Doreen Ingrams, een Britse historica, voegde aan de hoofdtitel van haar boek Palestine Papers, een ondertitel toe: Seeds of Conflict. En vandaag de dag, ruim honderd jaar na het besluit op het Wereld Zionisten Congres (1903) Palestina als bestemming voor hun project te kiezen, zorgt het zaad van dat besluit nog steeds voor moord en doodslag. Argumenten ter zake aangevoerd door woordvoerders van de twee hoofdpartijen, de Israëliërs en de Palestijnen, en door hun respectievelijke apologeten, hebben het effect gekregen van een dolgedraaide grammofoonplaat. Zozeer is een welles-nietes situatie ontstaan rond dit conflict dat de gemiddelde vrouw of man er nauwelijks nog aandacht voor op kan brengen: boter aan de galg; vechten tegen de bierkaai, zijn de uitdrukkingen waarmee men er afstand van neemt. Maar politici kunnen zich niet met een jantje van leiden van dit conflict afmaken, vandaar dat het met de regelmaat van een klok telkens weer opduikt. Het zou de landen die destijds vóór 181-II hebben gestemd sieren, als ze het fatsoen en de verantwoordelijkheid konden opbrengen zich sterk te maken voor de legitieme aanspraken van béide direct betrokken partijen. Met woord en met daad, dus niet alleen Israël ter wille zijn, maar ook Palestina. Daartoe heeft het Westen, dat VN-AV-resolutie 181-II erdoor sleepte, tot twee maal toe een gouden kans laten lopen; in 1967 en in 1988.
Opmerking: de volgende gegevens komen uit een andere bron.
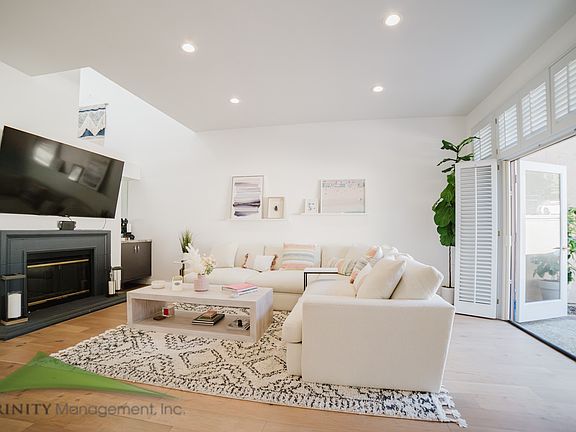 Beautifully updated townhome in the gated community of Alcala in Whispering Palms. This stylish, modern home has wide plank wood flooring in the living areas with access to the low maintenance back patio through the french doors. Gorgeous kitchen with breakfast nook and new appliances and an eat up bar area. The primary bedroom has a cozy fireplace with an en suite bathroom complete with soaking tub and open shower concept. Spacious walk in closet with custom built ins. Two additional bedrooms and full bathroom on the upper floor. 2 car garage. A/C. Washer / Dryer included. Community pool.

Toen Israël in 1967, tijdens de Zesdaagse Oorlog, ook het gebied bezette dat VN-AV-resolutie 181-II tot Arabische Staat had aanbevolen, had het de ’acceptatie’ van die resolutie (in 1947, bij monde van Ben-Gurion c.s.) kunnen omzetten in een acceptatie. In 1947 was dit ’akkoord’ gaan met deze VN-aanbeveling tot de verdeling van Palestina door Ben-Gurion c.s., een tactische manoeuvre geweest, vandaar de leestekens bij ’acceptatie’ en ’akkoord’. Alleen naïeve Israël-aanhangers menen de Palestijnen plus aanhang op dit punt een hak te kunnen zetten, maar wie z’n ogen open houdt, weet wel beter. [ NB. Aan deze oorlog ging een voorbereiding van zestien jaar vooraf; verovering van Yesha, koosnaam voor Judea en Samaria, was het doel. Daarvoor had Ben-Gurion al sinds 1937 een blauwdruk in zijn hoofd.]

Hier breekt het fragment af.